Глубокой ночью, когда уже у пани Шимоновой никого на бильярде не было, поручик, который в течение последего часа своего пребывания в том месте спал или также прикидывался спящим, вытянувшись и забыв заплатить хозяйке (что было его привычкой), вышел последним из баварии. Не далеко ему было до дома, потому что он жил на Дзиканке в тыльной части обширного дома, занятого по большей части очень бедными семьями. Достучавшись в ворота, перейдя через двор, прошёл ещё два этажа по лестнице до перехода наощупь. В двери, в которую он шумно ударил, было сверху маленькое непрозрачное окошко, сквозь которое слабо пробивался свет. Ему вскоре отворили и поручик, посвистывая, как бы для прибавления себе отваги, в шляпе наперекосяк, с сигарой во рту, вошёл внутрь. Дверь ему отворила грязная заспанная горничная; в квартире было глухо, в центре большого помещения горела только сальная свеча, давно не освещающая. При её тусклом свете было видно это бедное жилище, которое, вместе с тем, содержало в себе и всё хозяйство семьи. У двери были кухонная посуда, печь, в которой готовили, даже немного кладовых запасов в достаточно большом беспорядке и заброшенности. Далее в различных направлениях несколько столов, заваленных бельём и одеждой.

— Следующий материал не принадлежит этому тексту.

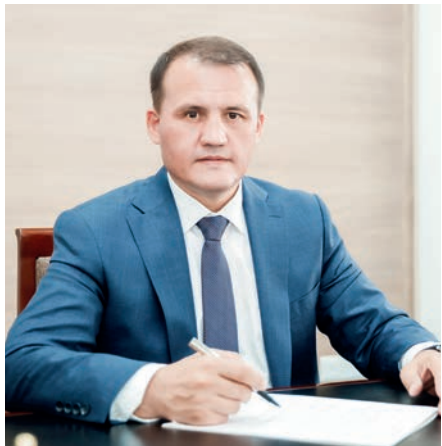
Ахтам ХАЙТОВ, Олий Мажлис Қонунчилик палатаси Спикери ўринбосари, O'zLiDeP фракцияси раҳбари

Бир неча кун аввал кучга кирган қонун соҳанинг ҳуқуқий асосларини такомиллаштириш орқали мавжуд салоҳиятдан унумли, оқилна фойдаланиш имконини беради. Шу ўринда қонунда белгиланган нормалар нималарга хизмат қилишини батафсилроқ баён қилиш мақсадга мувофиқ. Қонун, аввало, органик маҳсулотлар ва хомашё ишлаб чиқариш тизимидаги муносабатларни тартибга солиш ҳамда соҳа фаолиятини ривожлантиришнинг ҳуқуқий асоси яратилишига имкон беради. Иккинчидан, аграр ишлаб чиқаришда бозор муносабатларини ташкил этишнинг ишончли ва истиқболли шакли ҳисобланган органик маҳсулотлар ва хомашё ишлаб чиқариш тизимининг янада ривожланишига йўл очади. Учинчидан, органик маҳсулотлар ва хомашё ишлаб чиқариш тизимида тадбиркорлик фаолияти, шу жумладан, ишлаб чиқарувчидан якуний истеъмолчигача бўлган тизим такомиллашади. Тўртинчидан, ҳудудларнинг экспорт салоҳиятини ва географияси кенгайтиши билан бир қаторда фермер хўжаликлари ҳамда аҳоли даромади ошади. Бешинчидан, юқори сифатли экологик тоза маҳсулотлар ишлаб чиқарилиш ҳажми ортиб, натижада атроф-муҳит, инсонлар саломатлигига салбий таъсирлар камаюди. Энг муҳими, органик маҳсулотлар етиштиришнинг асосий принциплари, давлат томонидан тартибга солиш қоидалари, қўллаб-қувватлаш, ишлаб чиқарувчиларнинг ҳуқуқ ва мажбуриятлари, фаолияти кафолатлари ўз аксини топган мазкур қонун жаҳон бозорига мамлакатимизнинг муносиб ўринга эга бўлиши, халқимиз фаровонлиги юксалишига хизмат қилади.
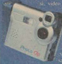
Photo Clip adlı cihaz dijital fotoğraf makinesi, video kamera, internet kamera, mp3 çaları, dijital ses kayıt cihazı ve taşınabilir sürücü olarak kullanılabilir. 16 veya 32MB standart bellek ile gelen Photo Clip, bellek yükseltme imkanı da sunuyor. Saatli ve tarihli gösteren bir ekrana sahip olan cihaz, çekilen fotoğrafa özel ses etiketi de ekleyebiliyor. Photo Clip, 5 ila 10 dakika AVI formatında video klip çekebiliyor.
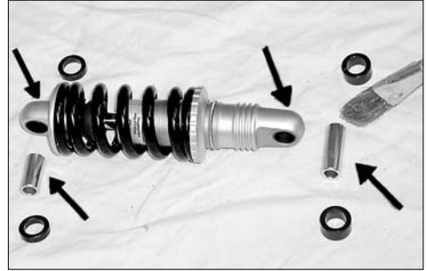
Die Lagerbuchsen des Feder-elementes müssen mit Fett geschmiert werden.

Schmieren Sie das Gewinde für die Federvorspannung gelegentlich mit einigen Tropfen säurefreiem, nicht harzenden Öl. Dadurch bleibt der Einstellring leichtgängig von Hand drehbar. Einmal jährlich müssen die Drehpunkte des Feder-elementes geschmiert
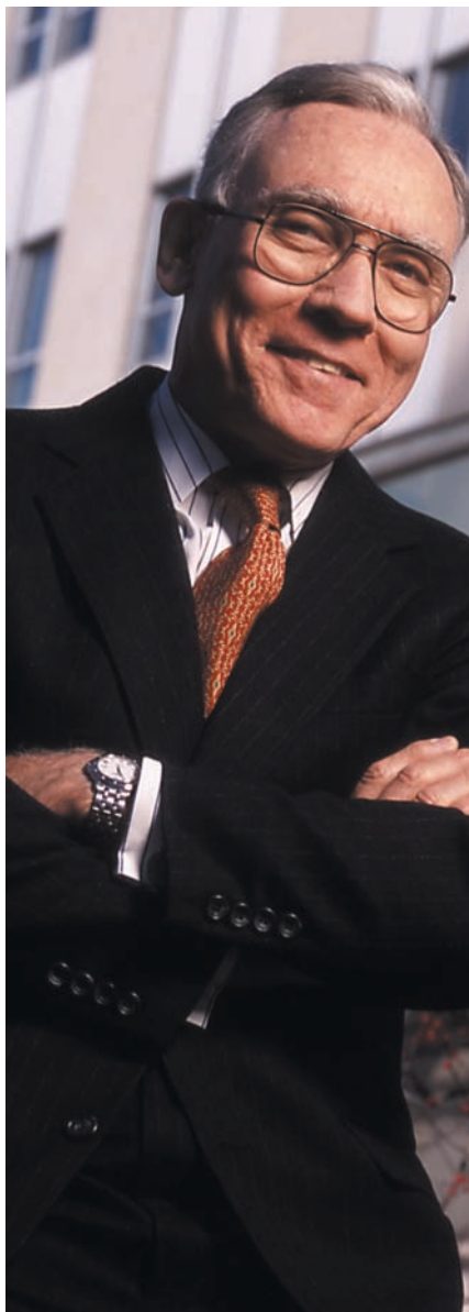
Raymond Baker es director de Global Financial Integrity, un comité asesor con base en Washington que lidera los esfuerzos internacionales para limitar los flujos financieros ilegales y realzar el desarrollo y seguridad global.

ficticios cayó de miles a apenas un puñado. Todavía hay algunos que operan en Europa y Asia, todos los cuales tienen mucho cuidado de asegurarse que sus actividades nunca tocan los Estados Unidos. Es decir, con un trazo de la pluma legislativa, los bancos ficticios fueron virtualmente borrados del sistema financiero fantasma global. Esto se logró a través del ejercicio de la voluntad política.
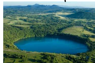
Gour de Tazenat
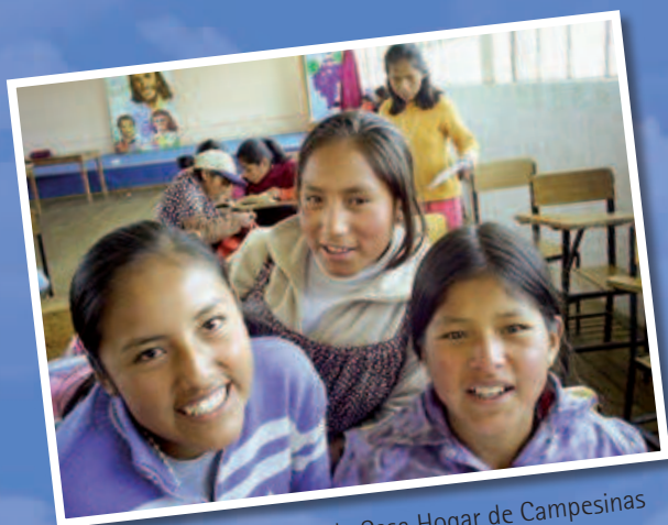
Cada niña es el alma de la Casa Hogar de Campesinas

Las Hijas de María Auxiliadora nacieron misioneras. Su presencia en el Perú así lo confirma cuando llegaron al Perú hace 120 años al instituto Sevilla, y desde sus inicios trabajaron por las jóvenes necesitadas en varias presencias del Perú. Actualmente destaca su servicio misionero en la zona altiplánica, donde se beneficia a chicas con el corazón salesiano y la alegría que la caracteriza a las FMA
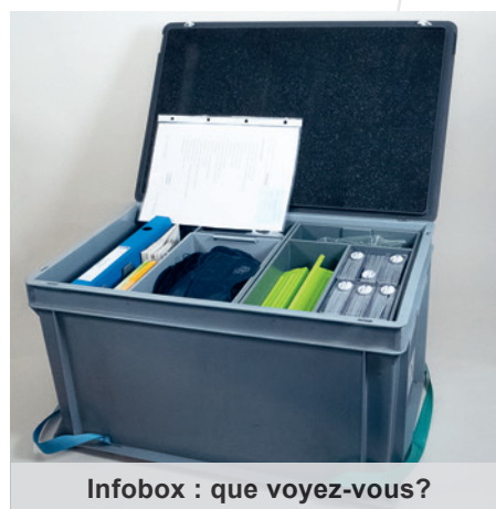
Infobox : que voyez-vous?

Degrés : 2H-7H Localisation : St-Maurice niv. 3 Cote: 364.2 INSI Code-barres: 1010976235, 1010976236 Localisation : Sion dépôt 1 Code-barres : 1011182952
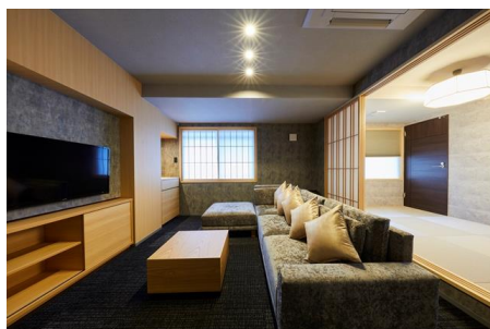
内観 (ホテルタイプ)

Возле окна стояла пара кроватей, плохо заслоненных бумажными параванами, достаточно обшарпанными. Какой-то неприятный запах бедности и безвластия веял от этого приюта. Ничего для глаза и украшения, ничего для чувства и сердца, тяжёлая бедность, которая ни о чём не думает в будний день, начатая стирка, поразвешанное трепьё, остатки скудной еды, ничего больше видно не было. На большом столе, на котором горела свеча, дремала, опираясь на руки, женщина средних лет, исхудавшая, в запущенной одежде, с растрёпанными седеющими волосами. Черты её лица доказывали, что некогда была она очень красивой, даже нужда, возраст и запущенность не сумели стереть этого Божьего дара, однако чёрные, прекрасные некогда глаза, глубоко впали и от слёз погасли, уста скрылись в складках, которые вырезала боль, а привычка к постоянной борьбе и состязанию с несчастьем заклеймили этот облик диким выражением затвердевшего гнева. Она взаправду была страшной, как рукой великого мастера высеченная голова Медузы. Посмотрев на неё, уже можно было сообразить, почему поручик, входя, придал себе смелую мину. Всё это знаменовало ту домашнюю войну, следы которой были видны в беспорядке всей квартиры.
Услышав шаги, женщина пробудилась и поднялась, посмотрела на старые часы, висящие на стене и рукой указала их мужу. Было половина двенадцатого.
– То-то ты сегодня исправился, – сказала она, – значит правда, что пораньше вернулся?
Трезвый поручик был мягким, но, напившись рому, становился весьма храбрым, ответил грубостью:
– Молчи, старая надоеда, я делаю, что мне подобает, а ты в это нос не суй!
Женщина кивнула головой, вовсе не испугавшись грозной фигуры.
– Уже эта скотина напилась, – сказала она, – и гудит, и будет мне, пришедши сюда, шуметь ещё! Молчи же сейчас и иди спать, пьяница, а не то тебя научу!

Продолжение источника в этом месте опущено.